## WHAT YOU HAVE TO DO
From the line containing "Peacock Horloge Murale" to the line containing "Page 1, Muster" in the entries below, reproduce every line exactly, ends included. Nothing else belongs in the copy, and no pictures.

## MATERIAL TO PROCESS
Content starts
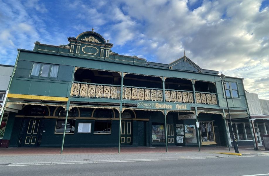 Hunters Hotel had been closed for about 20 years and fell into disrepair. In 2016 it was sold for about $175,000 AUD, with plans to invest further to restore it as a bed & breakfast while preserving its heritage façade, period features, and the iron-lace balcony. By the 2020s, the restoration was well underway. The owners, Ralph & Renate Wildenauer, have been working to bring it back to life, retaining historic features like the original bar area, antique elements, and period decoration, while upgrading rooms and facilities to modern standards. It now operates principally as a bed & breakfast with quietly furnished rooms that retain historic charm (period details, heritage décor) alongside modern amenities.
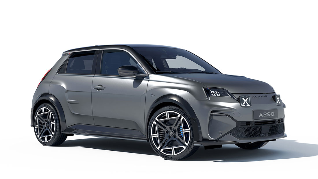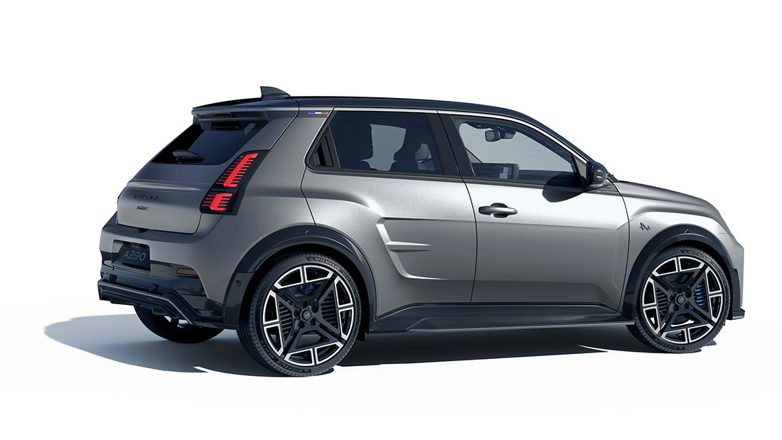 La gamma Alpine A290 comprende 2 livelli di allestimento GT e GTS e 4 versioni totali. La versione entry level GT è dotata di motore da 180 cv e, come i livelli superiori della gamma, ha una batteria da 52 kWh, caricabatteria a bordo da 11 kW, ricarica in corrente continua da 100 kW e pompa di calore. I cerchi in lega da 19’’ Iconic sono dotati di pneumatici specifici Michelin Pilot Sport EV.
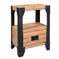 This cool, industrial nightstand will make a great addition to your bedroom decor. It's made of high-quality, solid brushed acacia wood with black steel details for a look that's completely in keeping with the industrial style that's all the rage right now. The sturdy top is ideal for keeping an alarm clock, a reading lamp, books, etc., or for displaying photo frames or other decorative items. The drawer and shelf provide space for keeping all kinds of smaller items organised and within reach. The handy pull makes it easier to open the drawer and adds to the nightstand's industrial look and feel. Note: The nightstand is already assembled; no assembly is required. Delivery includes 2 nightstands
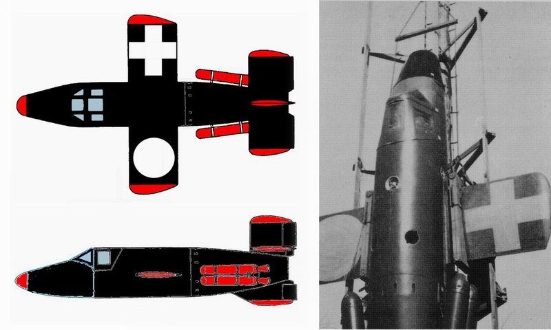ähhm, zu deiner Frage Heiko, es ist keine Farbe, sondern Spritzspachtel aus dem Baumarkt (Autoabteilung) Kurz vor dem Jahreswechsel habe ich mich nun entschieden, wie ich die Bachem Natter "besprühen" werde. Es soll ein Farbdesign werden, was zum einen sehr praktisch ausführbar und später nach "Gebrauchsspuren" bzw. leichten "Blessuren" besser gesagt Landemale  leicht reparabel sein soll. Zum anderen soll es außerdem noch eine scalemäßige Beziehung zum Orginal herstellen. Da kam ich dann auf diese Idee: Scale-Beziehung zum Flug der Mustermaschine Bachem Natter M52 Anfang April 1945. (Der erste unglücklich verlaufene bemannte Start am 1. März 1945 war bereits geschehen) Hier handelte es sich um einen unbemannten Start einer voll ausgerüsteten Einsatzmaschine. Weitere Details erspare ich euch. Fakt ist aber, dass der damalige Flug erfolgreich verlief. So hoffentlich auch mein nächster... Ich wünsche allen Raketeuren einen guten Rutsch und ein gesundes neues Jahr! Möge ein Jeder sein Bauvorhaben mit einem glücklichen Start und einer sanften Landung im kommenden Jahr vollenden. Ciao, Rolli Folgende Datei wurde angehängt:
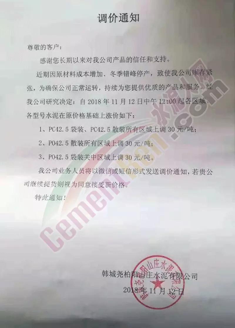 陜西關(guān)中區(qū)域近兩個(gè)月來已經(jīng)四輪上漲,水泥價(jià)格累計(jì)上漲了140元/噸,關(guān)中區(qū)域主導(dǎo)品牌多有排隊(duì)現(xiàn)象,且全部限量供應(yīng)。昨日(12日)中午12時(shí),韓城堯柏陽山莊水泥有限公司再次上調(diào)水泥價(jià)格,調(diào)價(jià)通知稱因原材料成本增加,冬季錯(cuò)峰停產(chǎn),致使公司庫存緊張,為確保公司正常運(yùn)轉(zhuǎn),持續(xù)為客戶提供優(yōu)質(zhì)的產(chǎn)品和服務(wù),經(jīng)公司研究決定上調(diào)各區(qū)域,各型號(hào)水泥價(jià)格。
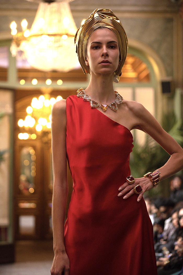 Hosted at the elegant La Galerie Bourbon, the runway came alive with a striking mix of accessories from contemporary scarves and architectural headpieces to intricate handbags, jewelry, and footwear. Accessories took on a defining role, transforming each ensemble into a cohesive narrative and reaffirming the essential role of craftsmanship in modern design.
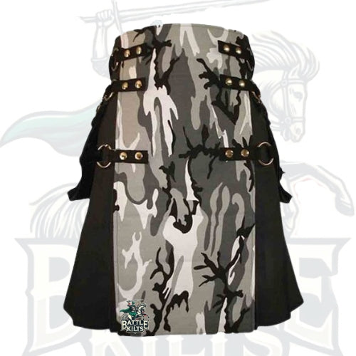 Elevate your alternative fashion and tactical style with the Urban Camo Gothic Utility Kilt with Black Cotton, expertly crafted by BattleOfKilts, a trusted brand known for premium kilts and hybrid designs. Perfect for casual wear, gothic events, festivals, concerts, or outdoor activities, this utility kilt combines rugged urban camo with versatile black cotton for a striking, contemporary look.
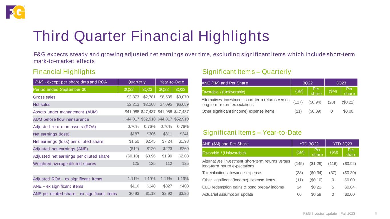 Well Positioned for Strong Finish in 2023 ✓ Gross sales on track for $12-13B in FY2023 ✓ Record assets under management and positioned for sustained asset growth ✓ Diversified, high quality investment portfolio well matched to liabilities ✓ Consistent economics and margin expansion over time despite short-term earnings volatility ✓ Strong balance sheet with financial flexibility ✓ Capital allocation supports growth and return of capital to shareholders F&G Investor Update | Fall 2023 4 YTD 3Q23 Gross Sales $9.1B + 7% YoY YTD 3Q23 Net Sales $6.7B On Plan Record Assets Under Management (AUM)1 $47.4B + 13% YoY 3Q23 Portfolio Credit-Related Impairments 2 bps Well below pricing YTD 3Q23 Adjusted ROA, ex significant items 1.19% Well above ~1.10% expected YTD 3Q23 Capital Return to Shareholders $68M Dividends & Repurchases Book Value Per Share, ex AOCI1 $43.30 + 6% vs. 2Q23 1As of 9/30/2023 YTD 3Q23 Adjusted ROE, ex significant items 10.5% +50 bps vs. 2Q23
Content ends
Content starts
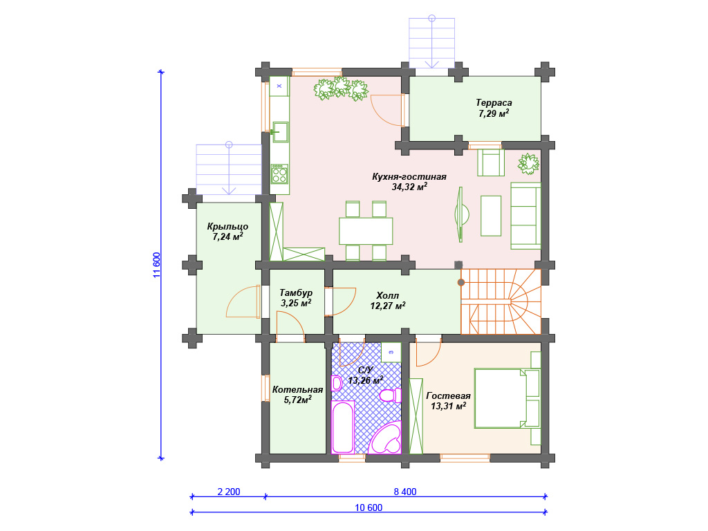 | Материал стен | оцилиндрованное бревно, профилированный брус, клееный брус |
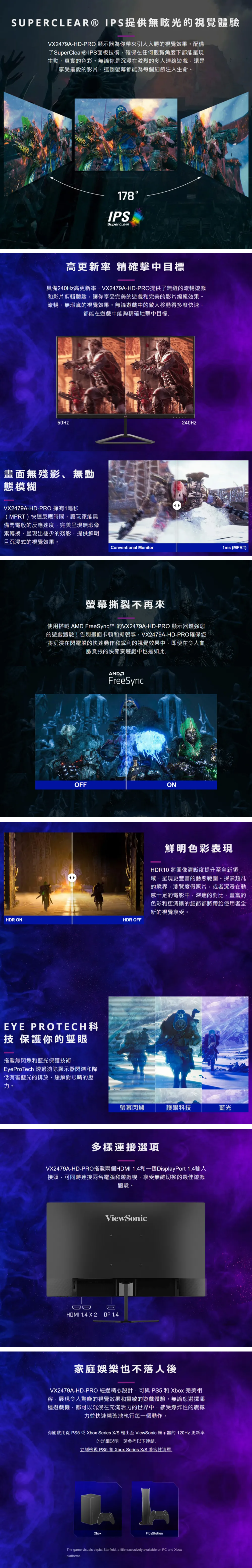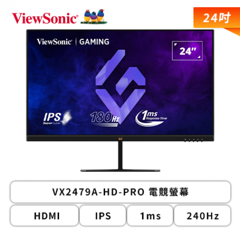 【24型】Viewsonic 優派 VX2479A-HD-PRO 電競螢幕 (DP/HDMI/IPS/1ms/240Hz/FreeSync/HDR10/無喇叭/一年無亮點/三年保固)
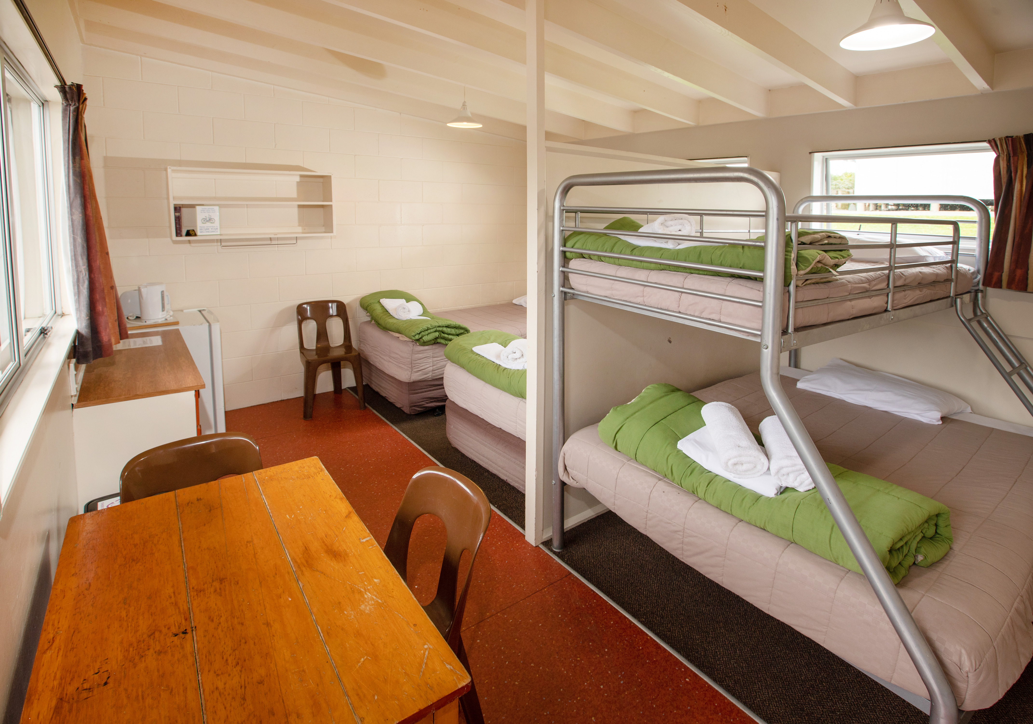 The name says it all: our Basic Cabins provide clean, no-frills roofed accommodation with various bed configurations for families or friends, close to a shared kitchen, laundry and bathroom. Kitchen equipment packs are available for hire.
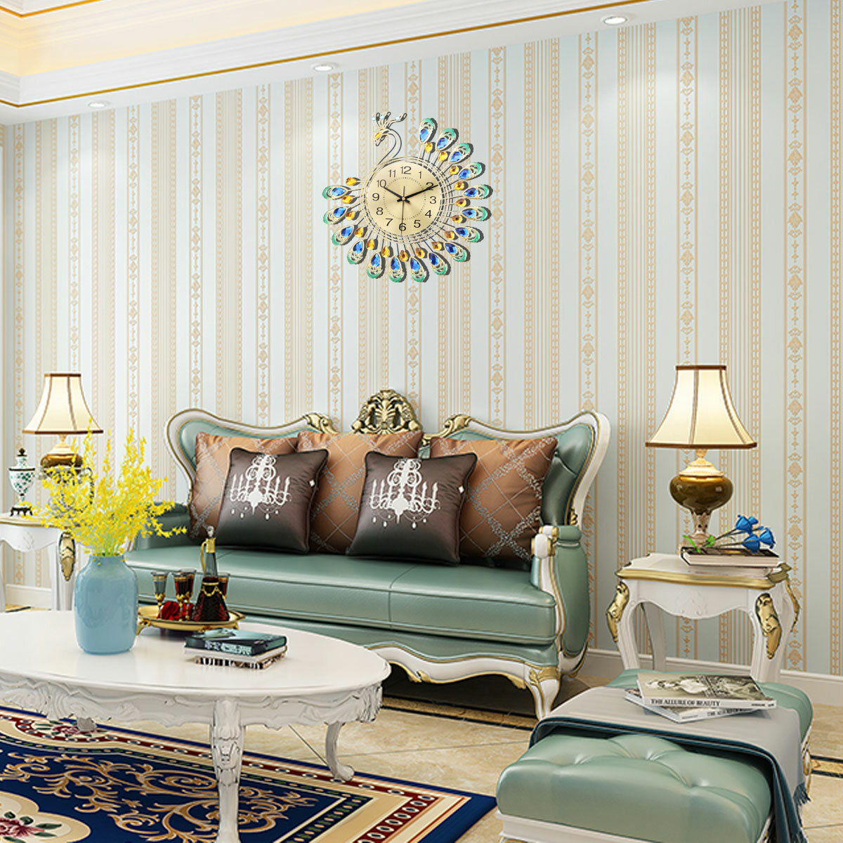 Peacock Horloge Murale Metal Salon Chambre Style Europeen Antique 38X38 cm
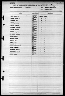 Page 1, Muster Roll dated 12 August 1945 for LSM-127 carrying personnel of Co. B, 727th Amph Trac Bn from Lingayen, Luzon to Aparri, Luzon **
Content ends
Content starts
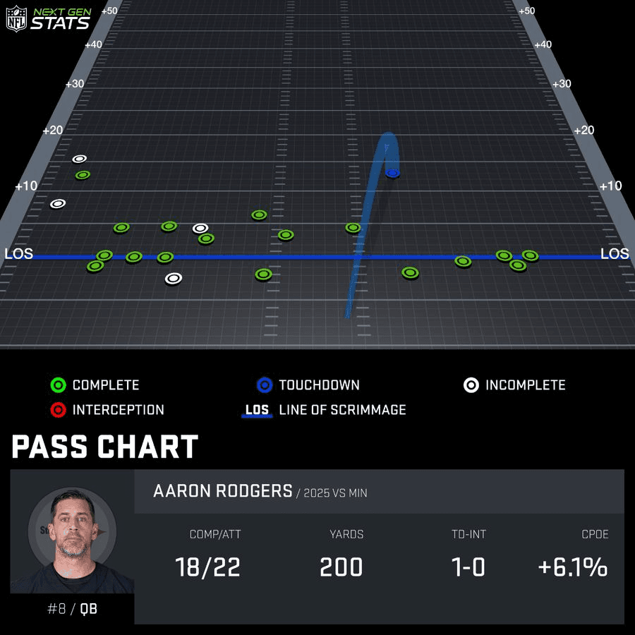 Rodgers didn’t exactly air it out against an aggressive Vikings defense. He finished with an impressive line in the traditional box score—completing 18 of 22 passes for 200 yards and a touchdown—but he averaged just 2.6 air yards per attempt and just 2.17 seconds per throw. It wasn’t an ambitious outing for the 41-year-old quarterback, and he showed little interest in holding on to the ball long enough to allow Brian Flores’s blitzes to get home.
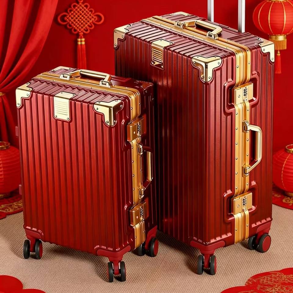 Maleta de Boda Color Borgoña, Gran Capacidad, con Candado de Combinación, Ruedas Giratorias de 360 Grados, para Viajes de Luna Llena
Content ends
## ANSWER SPACE
 Peacock Horloge Murale Metal Salon Chambre Style Europeen Antique 38X38 cm
 Page 1, Muster Roll dated 12 August 1945 for LSM-127 carrying personnel of Co. B, 727th Amph Trac Bn from Lingayen, Luzon to Aparri, Luzon **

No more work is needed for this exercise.